History of Medieval Armor
History Of Medieval Armor
In the beginning there was no armor for protection against enemies. There were only weapons. Humans have fought over possessions or land ever since early humans began to grow crops or keep domestic animals. The earliest weapons were probably rocks, sticks, and animal bones and were used in one of two ways. Some were carried to strike a blow or to cut. Other weapons were made to be thrown or shot at the enemy from a distance.
Later, humans developed specially shaped weapons from stone and flint, and by about 5000 b.c., copper was being used. After this came bronze, then iron, and finally steel, which made the hardest armor and sharpest blades. Many other materials have also been used, such as leather, whalebone, and horn.
Soon, those who had to fight began to protect themselves by carrying shields. Sometimes they also wore body armor. Armor was designed to give the best possible protection against increasingly powerful weapons. The armor could not be too heavy or so difficult to wear that a sol*dier could not move properly. This con*stant struggle between attack and defense has continued right up to the present day with each manufacturer trying to produce better equipment than his or her rivals.
The first armor was introduced by the Sumerians.

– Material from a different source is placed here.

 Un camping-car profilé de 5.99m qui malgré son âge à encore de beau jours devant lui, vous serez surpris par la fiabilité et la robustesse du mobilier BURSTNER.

The first soldiers to use bronze were the Sumerians of the ancient Middle East around 3000 b.c. The Sumerians carried spears and large rectangular shields. By about 1400 b.c., Egyptian soldiers, among others, were wearing armor of stiffened fabric and coats covered in small scales, which also protected their shoulders. The Assyrians, who rose to power in the Middle East in the late 10th century b.c., were ruthless soldiers. The Assyrian Empire fell around 612 b.c., by which time the Greek city-states were becoming powerful. Greek soldiers wore bronze helmets that covered almost the whole head, and they carried large, round bronze shields. .

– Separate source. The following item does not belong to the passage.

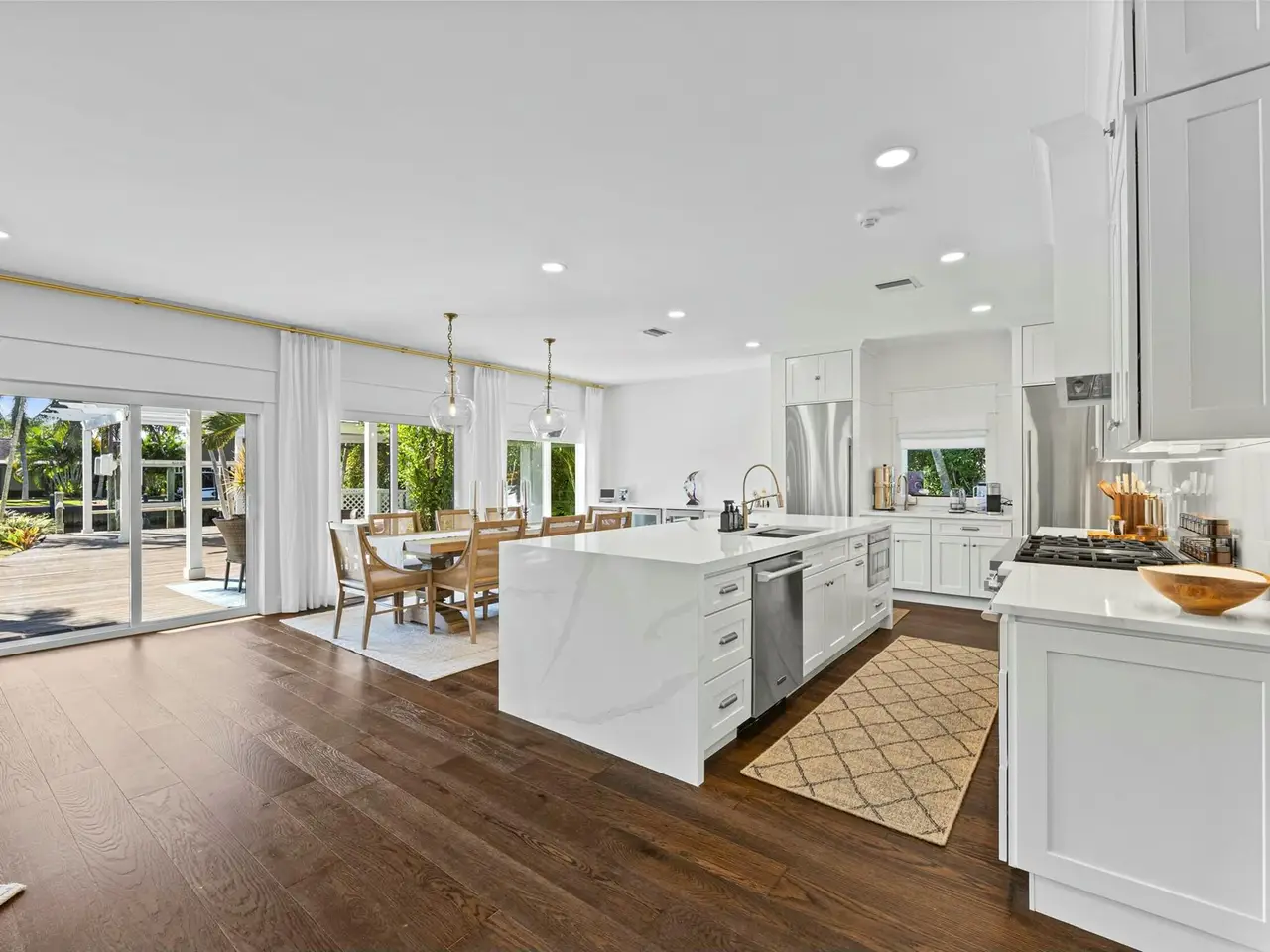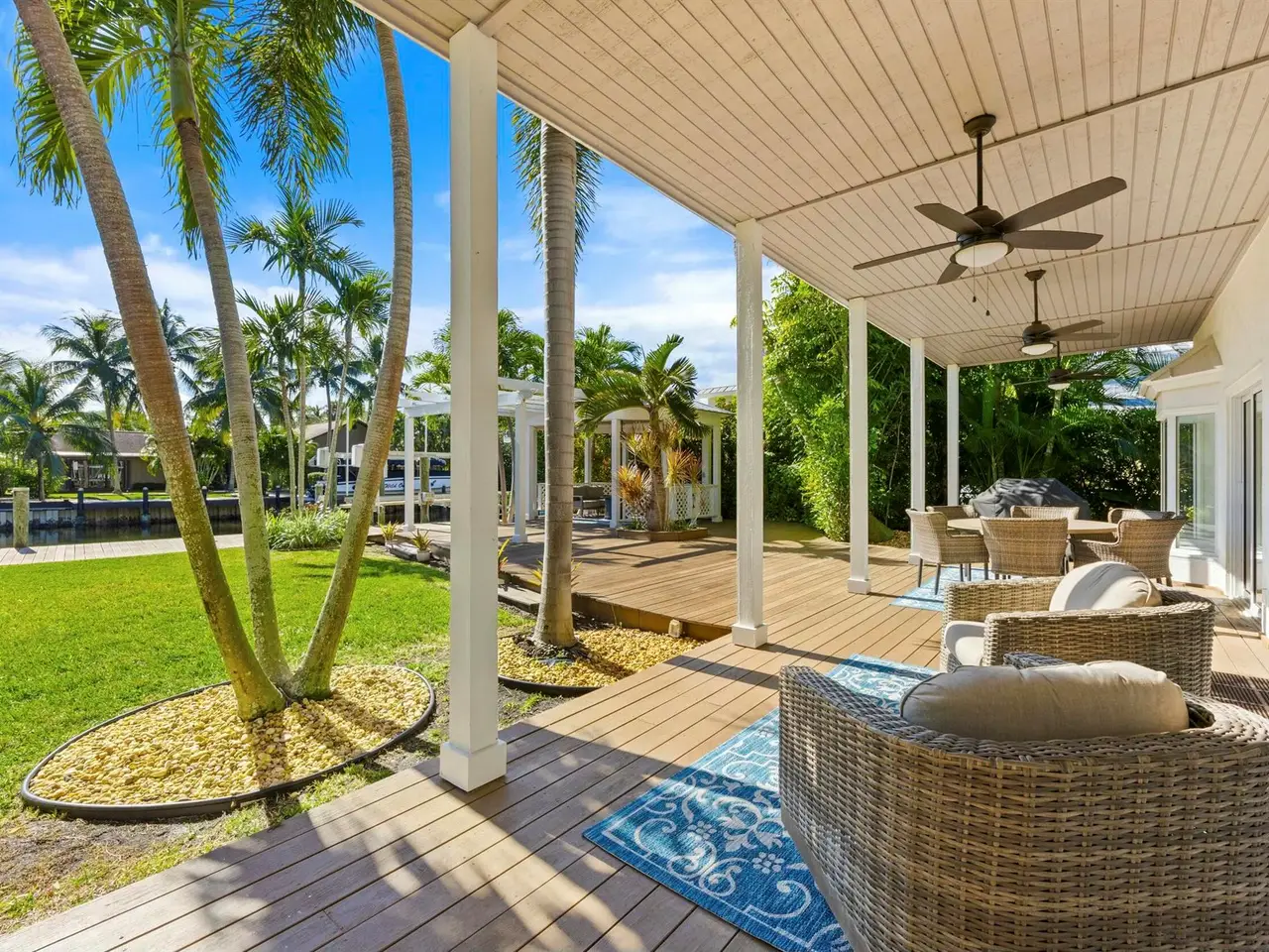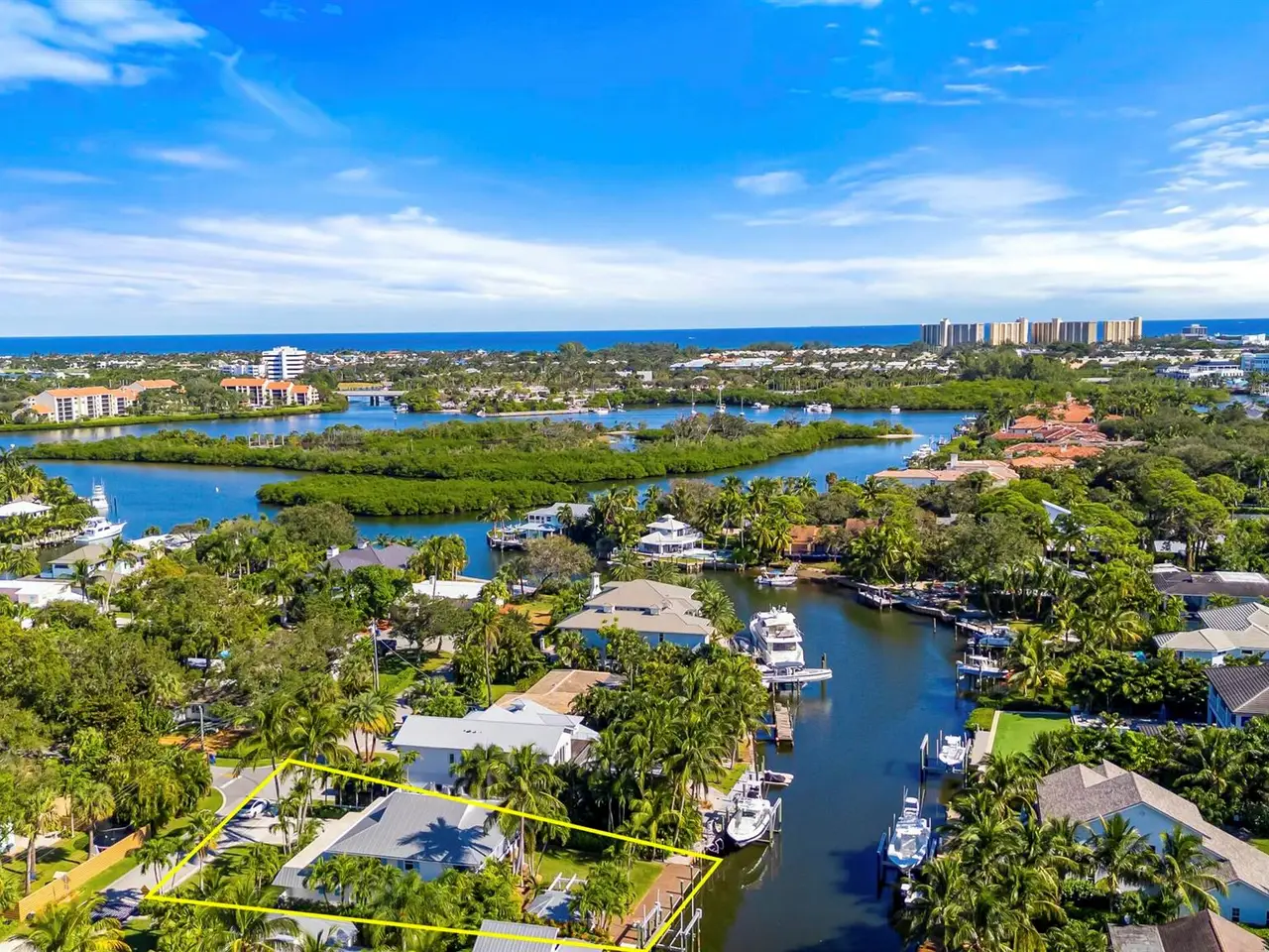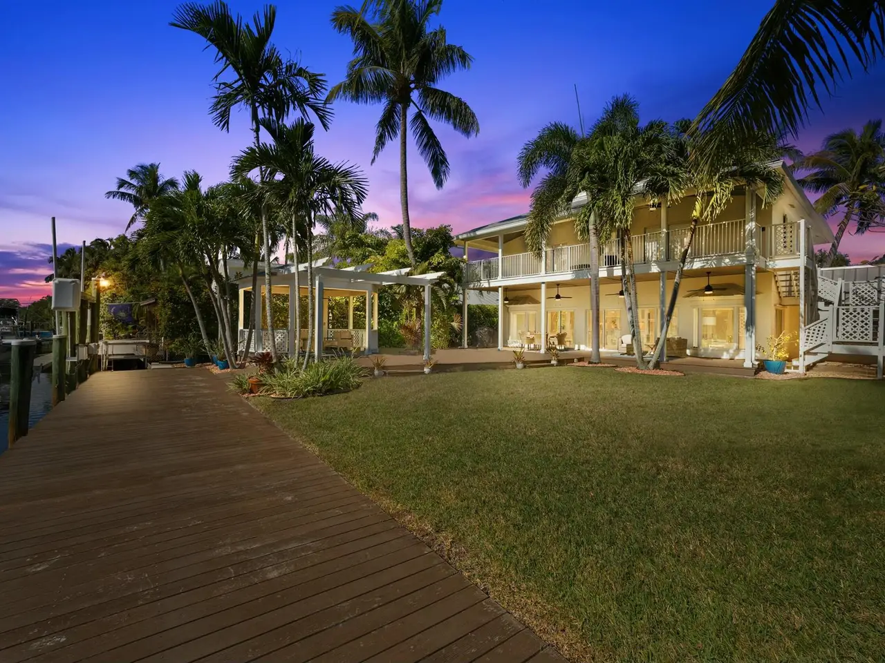 Stunning Key West-style waterfront home in Jupiter, Florida - A Boater's Dream! This beautifully remodeled five bedroom, 3.5 bath waterfront home, located in the heart of Jupiter, Florida, offers the ultimate in coastal living. Set on 78 feet of prime waterfront property on, a deep water canal the home features a dock with electric and water, plus a 13,500-pound boat lift - perfect for boating enthusiasts. With no fixed bridges, you'll have quick and easy access to the Intracoastal Waterway and just minutes from the Jupiter Inlet to the Atlantic Ocean. Original house was gutted to exterior walls and rebuilt with a second story in 1995 under Dade County Codes, then completely remodeled/updated in 2022 inside. The home blends modern luxury with classic Key West charm. Inside, you'll find wide-plank wood flooring adding a warm and inviting feel to every room. The heart of the home is its stunning gourmet kitchen which boasts Signature Kitchen Suite appliances, including refrigerator and freezer columns, dual-fuel pro gas range with griddle, along with custom cabinetry and quartz waterfall countertops that make a bold statement. A bar prep sink adds convenience, making the space perfect for both everyday living and entertaining. In addition to the chef's kitchen, there's a separate bar area featuring a beverage refrigerator and wine cooler, offering the perfect spot for mixing cocktails or storing your favorite wines. The home is equipped with impact glass and a metal roof. Other upgrades include two new A/C units (one installed in 2022, the other in 2023), a tankless on demand gas hot water heater (installed in 2023), and a 250-gallon propane tank for added efficiency. For added comfort and convenience, the home also features motorized window blinds, which allow for effortless control of light and privacy at the touch of a button. With five spacious bedrooms, 3.5 baths, and a layout designed for easy flow between indoor and outdoor spaces, this home is perfect for both relaxing and entertaining. The dock, which stretches along almost the entirety of the back of the property, offers ample space for docking or simply enjoying the waterfront. The home also features a home security system for added safety. Furniture is negotiable. This exceptional waterfront property is located in one of Florida's most desirable communities.

The Greeks and their armor.
The Greeks used armor that was made of small bronze plates joined tightly by red laces. The armor on the shoulders and stomach had lacing on the outside and moved easily.
The Greeks sometimes used a muscled bronze greave, or lower leg armor.
The Chinese armor used bronze armor.
The Chinese had discovered how to cast bronze by 1500 b.c. By 1300 b.c., they were using bronze body armor made of many small plates or one large piece. Around 500 b.c. iron weapons began to appear, but for a long time the metal was brittle and of poor quality.
The uniform of all imperial Qin soldiers seems to have been of similar colors. This made soldiers instantly recognizable as members of a unit and helped boost comradeship within the ranks.
The crossbow shot a bolt, an arrow shorter than the one used by bowmen. The bronze heads of both arrows and bolts often had three or four sides, which pierced armor well.
The Roman armor incorporated special helmets.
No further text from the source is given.